Современное кино любит ссылаться на триумфальные победы советского кинематографа 1960–1970-х годов. Между тем лучшие советские фильмы о войне — вообще не о войне. Советские киношники знали эту тайну: война не должна учить войне. Она должна учить чему-то противоположному. Такой находкой в 1960-е и далее стала идея о рождении нового человека — человека культуры — как главном достижении советской власти. Даже не о победе строя, а о торжестве Культуры.

Сериал «Рожденные революцией», эпизод, когда милиционеров приводят в Эрмитаж. Голос за кадром: «Когда я впервые увидел эту картину [Леонардо да Винчи], я понял, что мир не просто делится на хороших и плохих. Но что мир светел». Почти религиозная интонация. Эта идея оправдывала все жертвы, включая военные: мы гибли ради торжества культуры, ради торжества сложного человека. Именно поэтому в лучшем советском военном кино так мало стреляют: «20 дней без войны», «Летят журавли», «Женя, Женечка и “Катюша”», «Баллада о солдате», «Белорусский вокзал» (где действие вообще происходит спустя двадцатьлет после войны). Даже «Проверки на дорогах» — не о войне, а о возможности морального поведения в аморальных условиях (вспомним знаменитый эпизод с военнопленными на барже).
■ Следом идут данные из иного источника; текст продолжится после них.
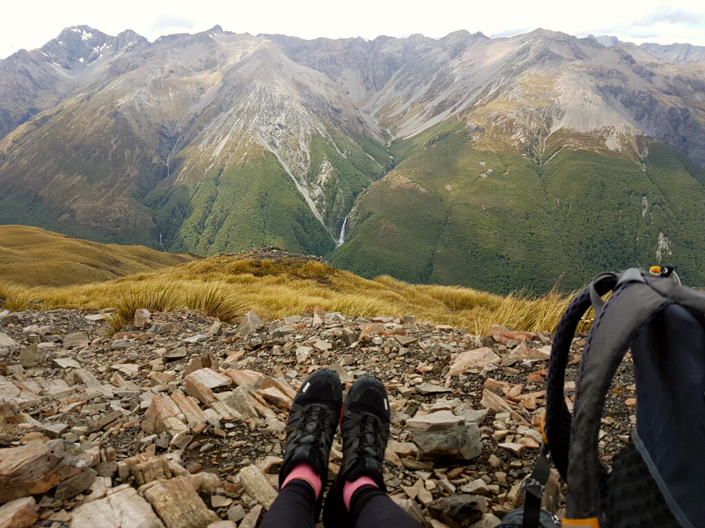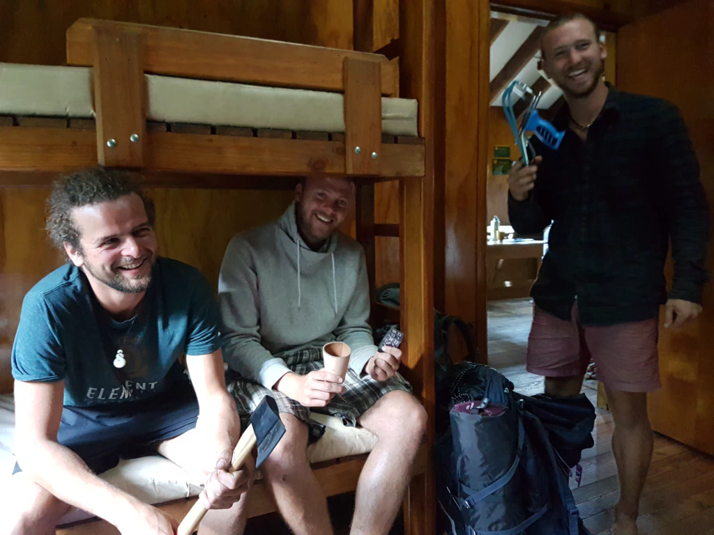 Am Abend in der Hamilton Hut trafen wir auf ein deutsches Trio, das vor zwei Tagen den Trail gestartet hat. Wir dachten, es wäre ein Scherz, als sie uns erzählten, dass ihre Rucksäcke so schwer seien, da sie eine Axt, eine Steinschleuder, einen Würfelbecher und je fünf Unterhosen dabeihätten. Bilder sagen mehr als tausend Worte… Sie waren doch recht neidisch auf unsere 7kg Leichtgewichte…

Эти фильмы — воплощение идеи Нового Возрождения, которое началось в мае 1945-го и условно закончилось рихтеровскими концертами в ГМИИ в конце 1970-х. Советским режиссерам удалось соединить орудийные залпы с человечностью. Это была грандиозная кода Утопии — маленький культурный процент на тоталитарном вкладе, который накапал за шестьдесятлет советской власти. Советский военный кинематограф породил, по сути, невиданного героя — воина-интеллигента: тонкого, чувствительного, почти бестелесного, читающего на войне стихи и собирающего в промежутках между боями букет для любимой. Это было хотя и не всегда удачное, но все же развитие, усложнение военной темы. По сути, режиссеры и сценаристы тут действовали по принципу лакановского зеркала: увидеть и понять войну можно было, только если не называть ее по имени, не показывать ее.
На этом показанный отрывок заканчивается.